Appellant was convicted of attempted robbery of a convenience store.

1. Appellant contends the trial court erred by denying his challenge for cause of a prospective juror who was a superior court judge, and had acted previously in appellant’s case by issuing two pretrial orders.

The record reflects that the prospective juror/judge issued two pretrial orders in the instant case, and accepted appellant’s plea to the charge. Appellant’s challenge for cause on these grounds was denied and he exercised a peremptory challenge to have the prospective juror excused. All trials should be kept free from even a suspicion of irregularity, and the nature of potentially prejudicial circumstances obviated the necessity of showing actual prejudice. Pierce v. Altman, 147 Ga. App. 22, 25 (248 SE2d 34) (1978). Thus, it was error to deny *79appellant’s challenge for cause when the prospective juror/judge had acted previously in the same case. However, the error is harmless here, as the judge was challenged peremptorily and appellant did not exhaust his peremptory challenges in order to strike the juror. See Foster v. State, 240 Ga. 858, 859 (2) (242 SE2d 600) (1978). Further, the evidence against appellant was overwhelming and it is highly probable that the error in not sustaining appellant’s challenge for cause did not contribute to the verdict in this case.
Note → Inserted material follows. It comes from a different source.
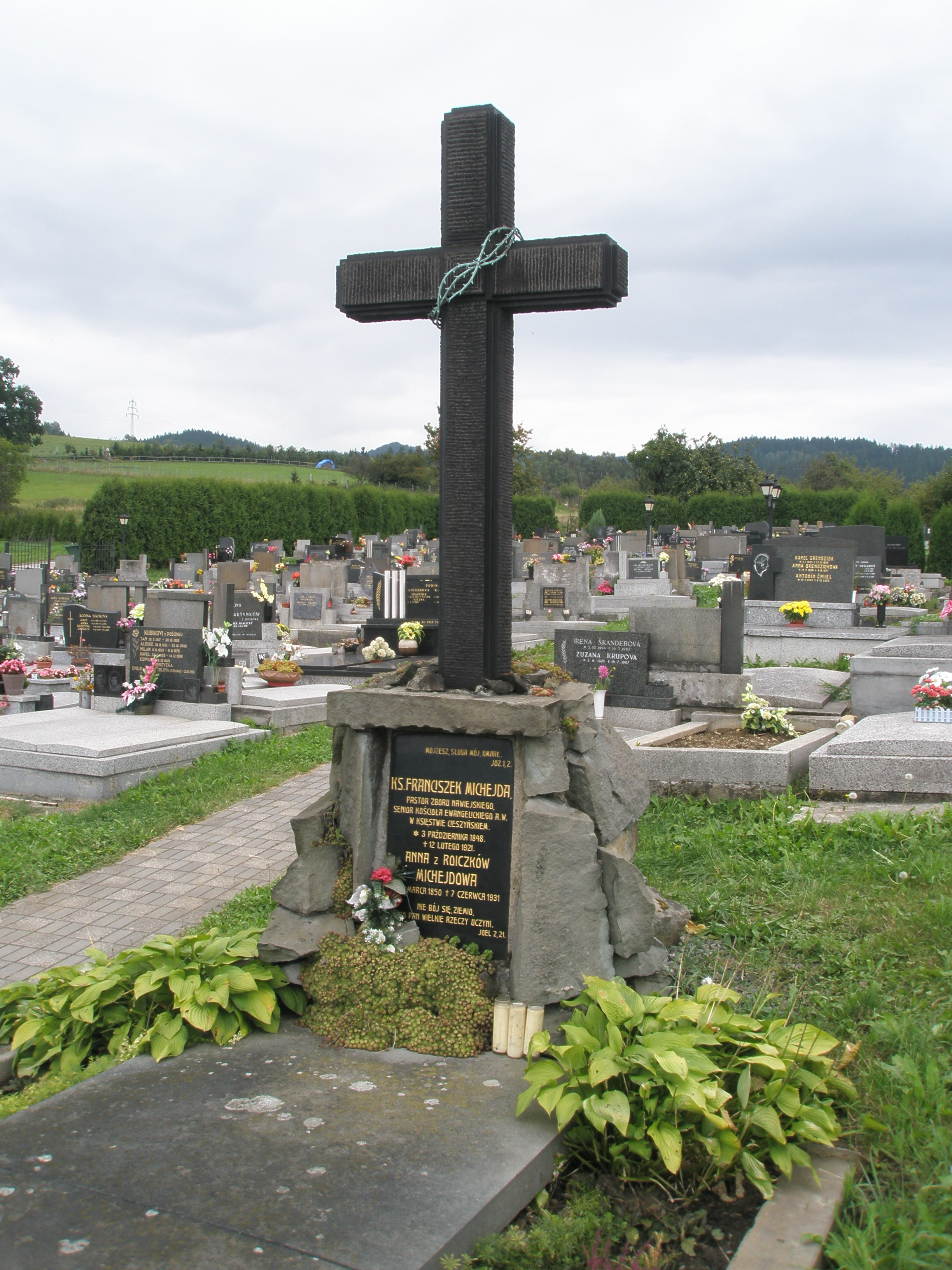 Grave of Lutheran senior Franciszek Michejda in Návsí

Hamilton v. State, 239 Ga. 72, 77 (235 SE2d 515) (1977).

2. Appellant contends error in the admission into evidence, over objection, of a piece of candy because no chain of custody was established.

The store manager who was the victim of the robbery by appellant testified that she sold six York mint patties to appellant. He departed, returned five minutes later, and robbed the store. When apprehended a few minutes later appellant had one York mint pattie in his pocket, which was the piece of candy admitted at trial. Appellant argues that the candy should not have been admitted without a showing that it was the same candy found in appellant’s pocket. This argument is without merit.
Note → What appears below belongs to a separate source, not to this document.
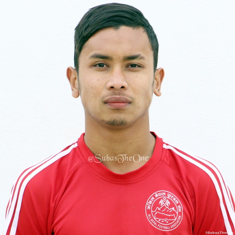 Portrait of Anjan Bista by Subas Humagain

Items which are distinct and recognizable physical objects which can be identified by observation are admissible in evidence without first establishing a chain of custody. Harper v. State, 251 Ga. 183, 185 (1) (304 SE2d 693) (1983). The York mint pattie was such an item, and thus, was admissible. Any possible error in admitting the piece of candy was harmless, as subsequent to admission of the candy a chain of custody was, in fact, established by a police officer who also positively identified the candy as that which was taken from appellant. Hence, there was no error.

3. Lastly, appellant alleges error in the denial of his motion for a mistrial after the deadlocked jury returned a non-unanimous verdict. The transcript reflects that after more than an hour of deliberations the jury reported it was deadlocked 11 to 1. The trial court then gave the so-called “dynamite charge” (Allen v. United States, 164 U. S. 492 (17 SC 154, 41 LE 528)) and excused the jury until the following day. The following day the jury returned a verdict of guilty. When the jury was polled the last juror stated the verdict was not his verdict. The court then directed the jury to return to the jury room and resume deliberations on a verdict. A few minutes later the jury again returned a verdict of guilty. When polled, each juror stated this was his or her verdict. Appellant then moved for a mistrial, contending the “holdout” juror was coerced into a verdict. We do not agree.

Under the circumstances here, where it is contended a juror did not assent to the verdict, a motion for a mistrial is not the appropriate remedy and the court did not err by not granting it. The proper *80motion would have been that the verdict not be received and the jury be directed to retire for further deliberation on a verdict. Mills v. State, 160 Ga. App. 49 (2) (286 SE2d 55) (1981). Since the correct procedure was followed there was no error.

Decided March 8, 1985 Rehearing denied March 21, 1985 James W. Hall, Jr., for appellant. H. Lamar Cole, District Attorney, Fred R. Simpson, Assistant District Attorney, for appellee.

Judgment affirmed.

Deen, P. J., and McMurray, P. J., concur.